_INPUT DATA_:
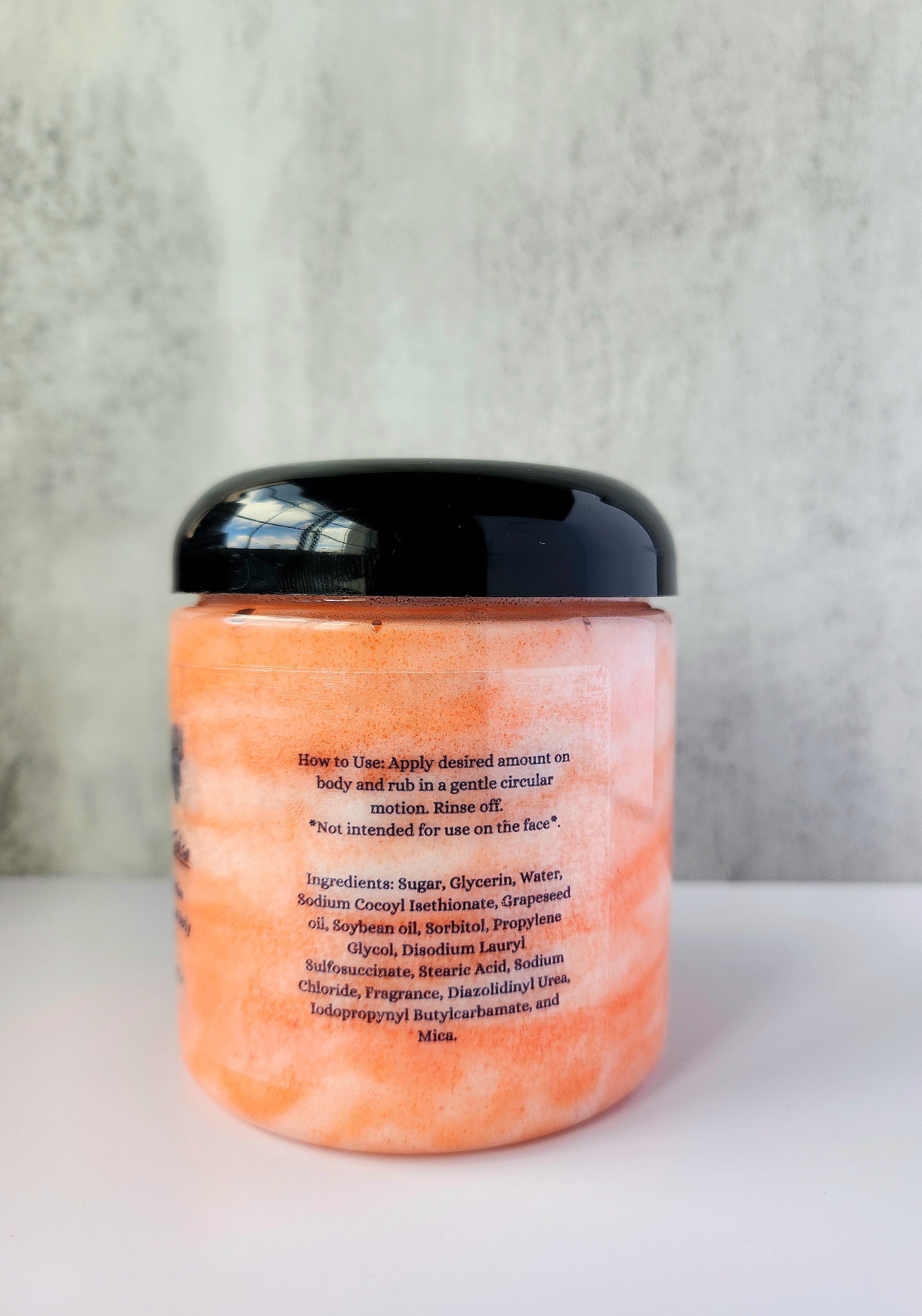 Ingredients: Sugar, Glycerin, Water, Sodium Cocyl Isethionate, Sorbitol, Propylene Glycol, Soybean oil, Grapeseed oil, Disodium Lauryl Sulfosuccinate, Stearic Acid, Sodium Chloride, Pheonip (Preservative), Fragrance, and Cosmetic Mica.
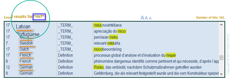 In this example we typed "ris?", using the ? wildcard, with a Termbase comprising 28 languages, searching for "risk", "risico", "risiko", "risque", etc.
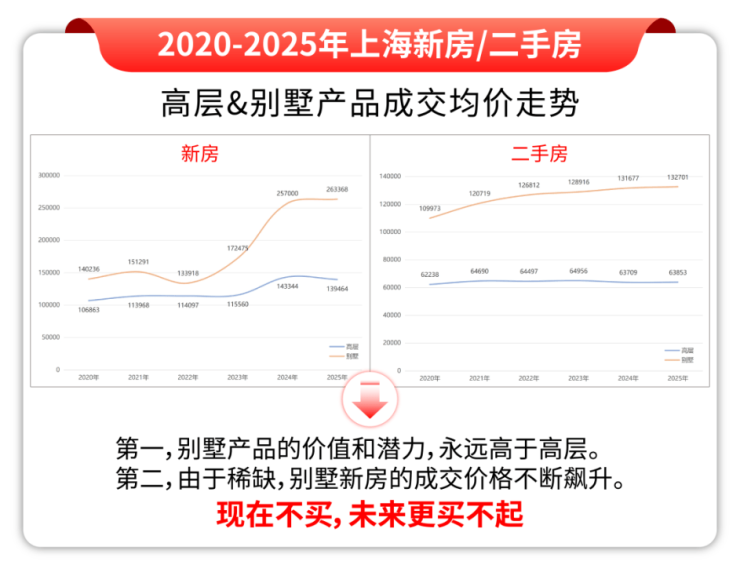 2020年至今,无论是新房市场还是二手房市场,别墅产品逆势走出了一波独立行情,成交价格和涨幅都完全碾压大平层。尤其是近两年,别墅的成交均价近乎是高层的两倍,形成鲜明对比。
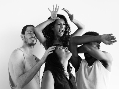 Quand les mots reviennent, ils sont scandés tels des mantras, des louanges ou des incitations. Parfois quelque chose d’insondable se laisse deviner sous les présences survoltées, carnavalesques. Portée par un sur-investissement physique, la nouvelle création de Volmir Cordeiro multiplie les énigmes et propose un objet chorégraphique à l’image de ces œufs que manipulent Isabela Santana et Marcela Santander : tout est dedans, et portant la surface se renferme sur elle-même.
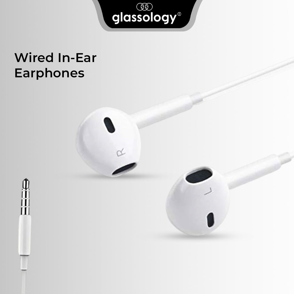 Glassology Wired Earbuds In Ear Headphones with 3.5mm Jack & Microphone Volume Control, High Bass Stereo Wired Earphones in Premium White with Universal Compatibility
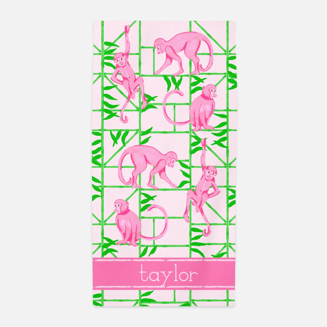 Monkey Trellis polyester face and reverses to 100% cotton terry loops. Towel measures 30″ x 60″. Design is on front face of towel only. Â
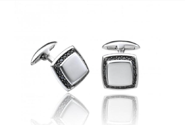 • Gemelli in argento e zirconi neri.
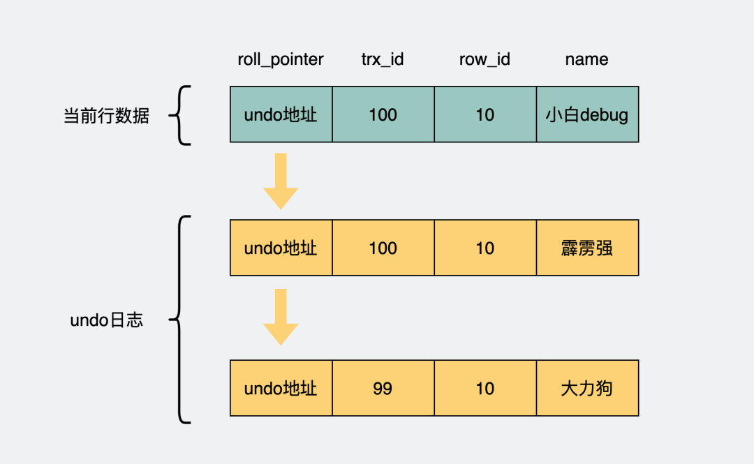 字段,这个字段是用来指向当前这个数据行的上一个版本,通过这个字段,可以为这行数据形成一条版本链,从而实现多版本并发控制(MVCC)。有没有很眼熟,这个在之前写的文章里出现过。
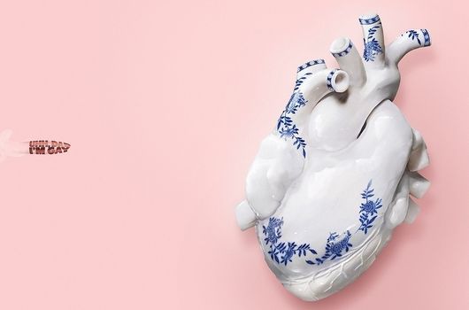 The advert shows a bullet which is labelled “Uhh Dad, I’m Gay” which is heading for a porcelain heart against a pink background. The caption reads “You need a strong heart today”.
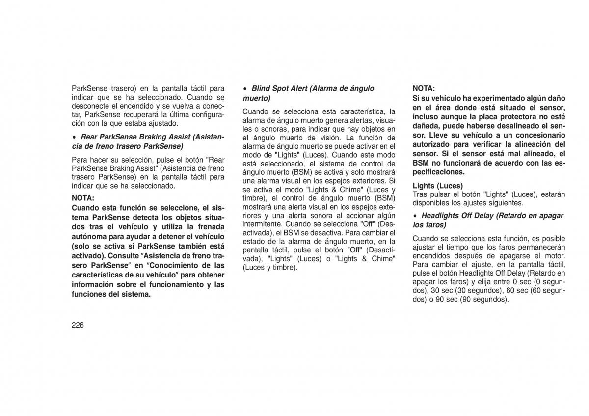 tema ParkSense detecta los objetos situa-riores y una alerta sonora al accionar algún• Headlights Off Delay (Retardo en apagar
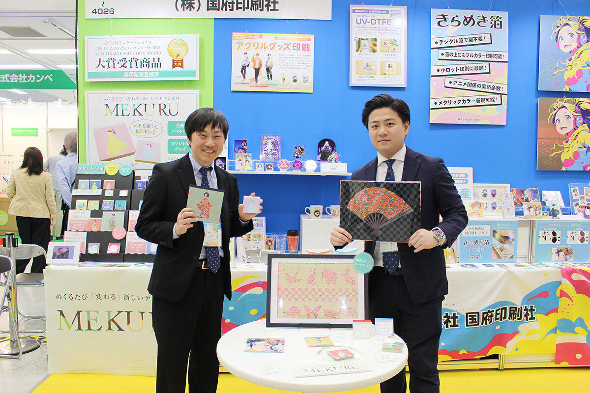 (株)国府印刷社(福井県越前市、有定耕平社長)は、4月8日から10日まで東京・池袋のサンシャインシティで開催されたプレミアム・インセンティブショー春2026に出展。推し活グッズと文具の2軸体制のブースを構築し、来場者の注目を集めた。
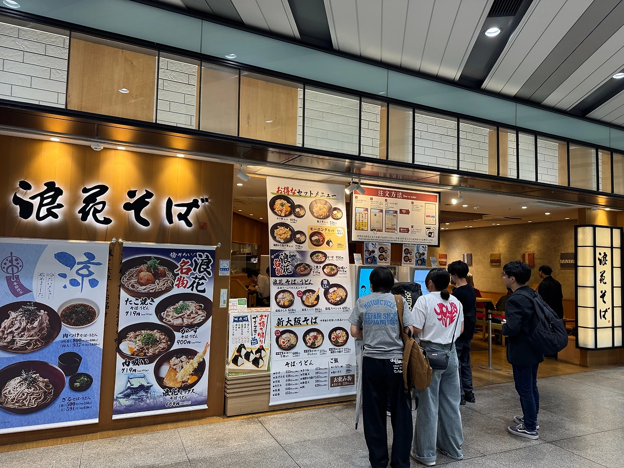 그리고 제가 누군가에게 타치구이 소바, 우동을 추천해야 한다면, 저는 오늘 소개할 나니와 소바(浪花そば)를 추천합니다. 이 가게가 체인인지 아닌지는 모르겠습니다만(같은 이름의 소바샤부집이 몇군데 있는데 같은 가게인지는 모르겠습니다), 제가 늘 가는 가게는 신오사카(新大阪)역에 있습니다. 신오사카역은 크게 3개의 구역으로 나뉘어지죠. 신칸센, 지하철 미도스지선, 마지막으로 JR재래선인데, 나니와 소바는 JR재래선 개찰구 “안”, 그것도 구석에 있습니다. 멀리서 오는 관광객이야 일본 한 번오면 뽕(?)을 뽑는다는 느낌으로 신칸센이나 비행기타면서 장거리 여행하는데 한국인은 워낙 접근성이 좋다보니 도시/권역별로 끊어오는 경향이 있어서 사실 신칸센 탈 일이 많이는 없죠. 지금도 신칸센에서 이 글을 쓰고 있는데 중국인과 서양인이 정말 많네요. 그래서 생각보다 신오사카역 JR재래선 구역은 한국인 관광객이 상대적으로 적긴합니다. 게다가 구석에 쳐박혀있고, 심지어 당장 다음 맛집 가기도 바쁜데 역에서 500엔 넘게주고 맛도 없는 우동/소바를 먹기는 좀 그렇죠.
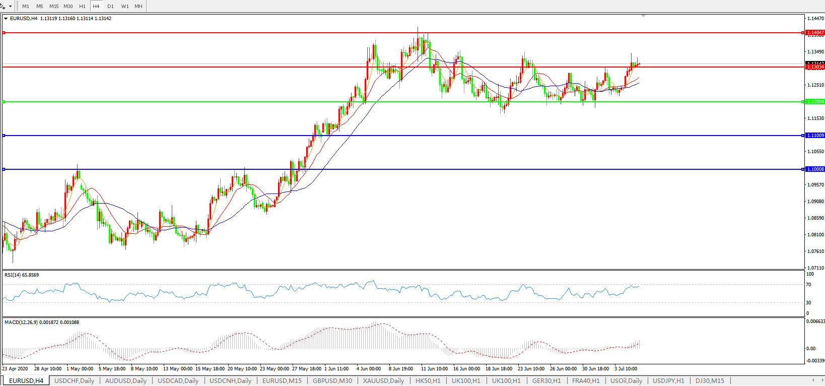 交易策略:1.1200上方看涨,目标1.1300、1.1400
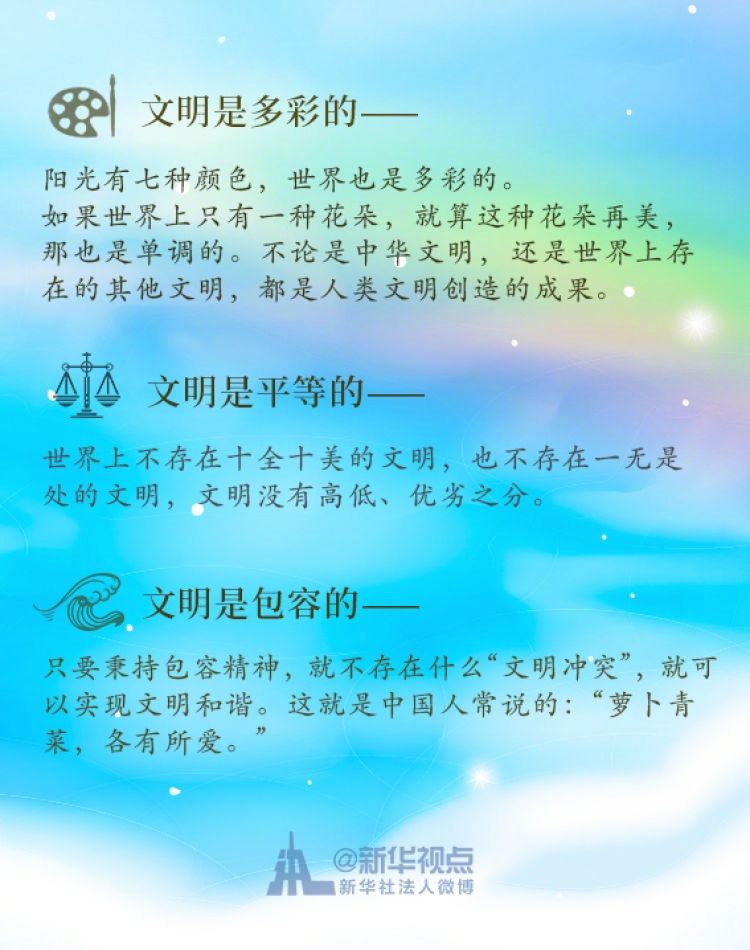 在這次演講中,習(xí)近平主席用生動(dòng)的語言講明了對待不同文明應(yīng)有的態(tài)度和原則:
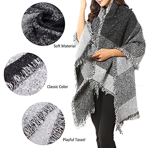 Design unico dell'angolo di smussatura, ti dà una nuova sensazione e con una combinazione di 3 colori, sensazione di tocco accogliente e morbido, facile da darti stile di abbigliamento nei mesi freddi, il mantello della sciarpa in cashmere a quadri.
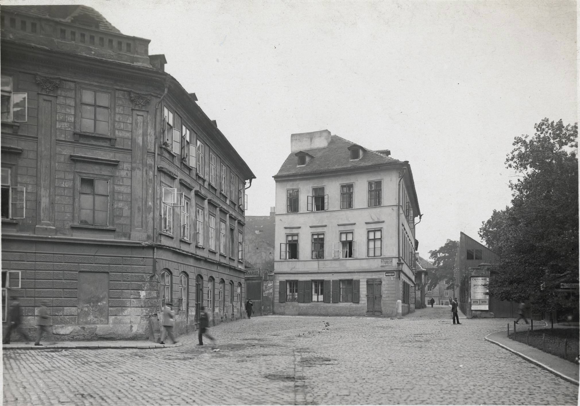 Poslední legální nevěstinec v Praze stál do roku 1922 na Františku – dům ve středu fotografie.
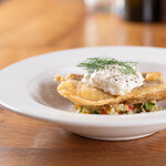 「タヤリン」とはトリュフの産地・イタリア北部ピエモンテ州の言葉で、「細切り」という意味を持つパスタのこと。古くからあるパスタで、昔ながらのレシピを参考に、シェフが店内で手打ちしている。本場のソースは、茹でたタヤリンにバターを絡めるだけというが、同店では日本人の口に合うようにバターと、イタリア料理ではポピュラーなグラナパダーノチーズで仕上げている。

_WHAT THIS TASK INVOLVES_: Starting at the line above with "(株)国府印刷社(福井県越前", output every line exactly up to and including the line with "在這次演講中,習(xí)近平", but none of the pictures.

_RESPONSE BOX_:
 (株)国府印刷社(福井県越前市、有定耕平社長)は、4月8日から10日まで東京・池袋のサンシャインシティで開催されたプレミアム・インセンティブショー春2026に出展。推し活グッズと文具の2軸体制のブースを構築し、来場者の注目を集めた。
 그리고 제가 누군가에게 타치구이 소바, 우동을 추천해야 한다면, 저는 오늘 소개할 나니와 소바(浪花そば)를 추천합니다. 이 가게가 체인인지 아닌지는 모르겠습니다만(같은 이름의 소바샤부집이 몇군데 있는데 같은 가게인지는 모르겠습니다), 제가 늘 가는 가게는 신오사카(新大阪)역에 있습니다. 신오사카역은 크게 3개의 구역으로 나뉘어지죠. 신칸센, 지하철 미도스지선, 마지막으로 JR재래선인데, 나니와 소바는 JR재래선 개찰구 “안”, 그것도 구석에 있습니다. 멀리서 오는 관광객이야 일본 한 번오면 뽕(?)을 뽑는다는 느낌으로 신칸센이나 비행기타면서 장거리 여행하는데 한국인은 워낙 접근성이 좋다보니 도시/권역별로 끊어오는 경향이 있어서 사실 신칸센 탈 일이 많이는 없죠. 지금도 신칸센에서 이 글을 쓰고 있는데 중국인과 서양인이 정말 많네요. 그래서 생각보다 신오사카역 JR재래선 구역은 한국인 관광객이 상대적으로 적긴합니다. 게다가 구석에 쳐박혀있고, 심지어 당장 다음 맛집 가기도 바쁜데 역에서 500엔 넘게주고 맛도 없는 우동/소바를 먹기는 좀 그렇죠.
 交易策略:1.1200上方看涨,目标1.1300、1.1400
 在這次演講中,習(xí)近平主席用生動(dòng)的語言講明了對待不同文明應(yīng)有的態(tài)度和原則:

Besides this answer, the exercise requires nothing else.